The VF has been detached from guest.

# virsh dumpxml rhel63
<domain type='kvm' id='5'>
 ....... 
    <interface type='network'>
      <mac address='52:54:00:d7:f0:f2'/>
      <source network='default'/>
      <target dev='vnet0'/>
      <model type='rtl8139'/>
      <alias name='net0'/>
      <address type='pci' domain='0x0000' bus='0x00' slot='0x03' function='0x0'/>
    </interface>
 .......
</domain>
Comment 1 Laine Stump 2013-01-08 13:04:53 EST
I pushed these three patches to both the v0.9.11-maint and v0.10.2-maint branches, since both of those branches have support for <interface type='hostdev'> and they are used on Fedora 17 and 18 respectively, both of which use kernels new enough to require the patch (3.6.10 and 3.6.11).

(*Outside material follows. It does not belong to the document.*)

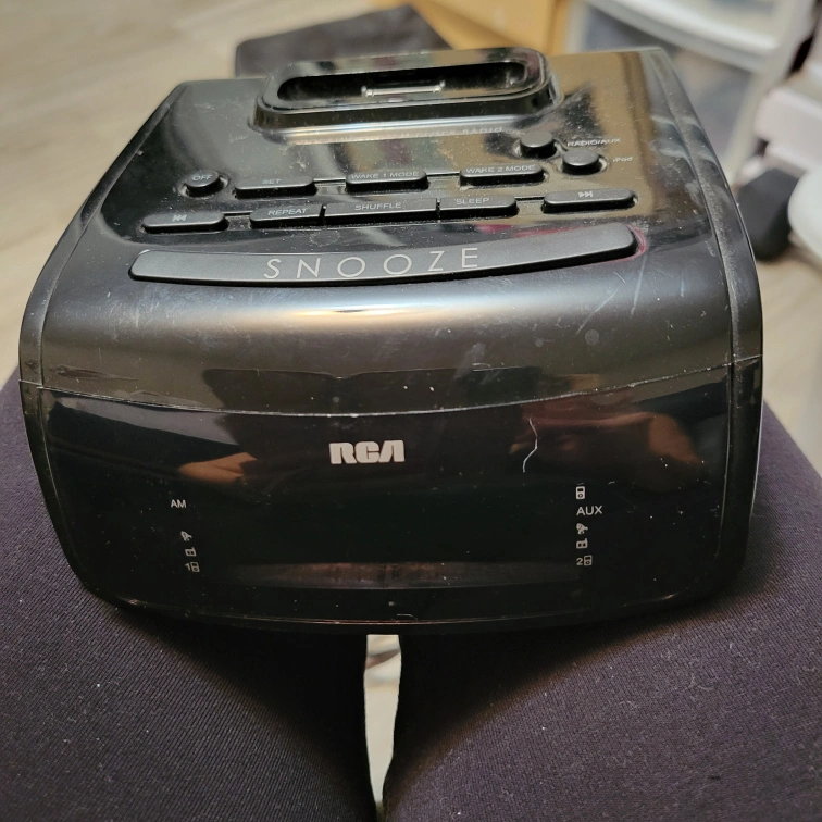 Black clock radio with alarm, sleep timer, snooze, and iPod dock. Includes AM/FM radio, auxiliary input, and shuffle/repeat functions.

Comment 2 Fedora Update System 2013-01-28 15:46:33 EST
libvirt-0.10.2.3-1.fc18 has been submitted as an update for Fedora 18.
https://admin.fedoraproject.org/updates/libvirt-0.10.2.3-1.fc18
Comment 3 Fedora Update System 2013-02-05 11:53:39 EST
libvirt-0.10.2.3-1.fc18 has been pushed to the Fedora 18 stable repository.  If problems still persist, please make note of it in this bug report.